Сергей Вронский, компания «ИтнерАктив».

Я поднимаю глаза, пытаясь справится с дрожью, прокатившейся по телу от этого голоса.

Он стоит надо мной и едва заметно улыбается. Его глаза пристально смотрят, впитывают все детали, отмечают изменения на моем лице. А уж о том, что эмоции отражаются на нем, как в зеркале, я уверена на все сто. Это мой бич. Никогда не умела одевать непроницаемую маску.

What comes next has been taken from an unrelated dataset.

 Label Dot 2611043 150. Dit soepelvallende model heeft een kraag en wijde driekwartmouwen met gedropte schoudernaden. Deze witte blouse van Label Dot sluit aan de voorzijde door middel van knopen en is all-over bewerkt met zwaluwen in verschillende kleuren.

Я думала, будет господин Герман.

Он не смог прийти.

Хорошо, я вас отметила. Прошу, занимайте место, встреча сейчас начнется.

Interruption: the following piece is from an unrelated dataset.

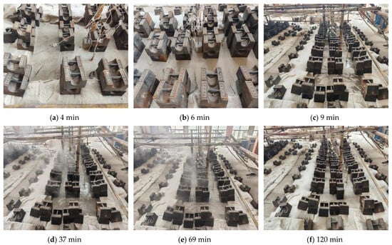 26] standard temperature–time curve. The lower flange, web, lower surface of the upper flange of the castellated steel beam, and the lower surface of the concrete slab were exposed to fire. Prior to the tests, the columns and concrete foundation beams were fire-protected with rock wool.

Он не спешит отходить. Продолжает смотреть на меня, как смотрит умудренный опытом мужчина на маленькую наивную девочку. Я беру себя в руки и опускаю глаза, делая необходимые пометки у себя в списке и в копии для начальницы.

Мой деловой вид заставляет его все же оставить меня в покое. Хотя покой — это не то слово, которым можно было бы охарактеризовать мое состояние. Внутри я ураган эмоций. У меня опять странное чувство внизу живота. А еще мне кажется, что меня сейчас вырвет.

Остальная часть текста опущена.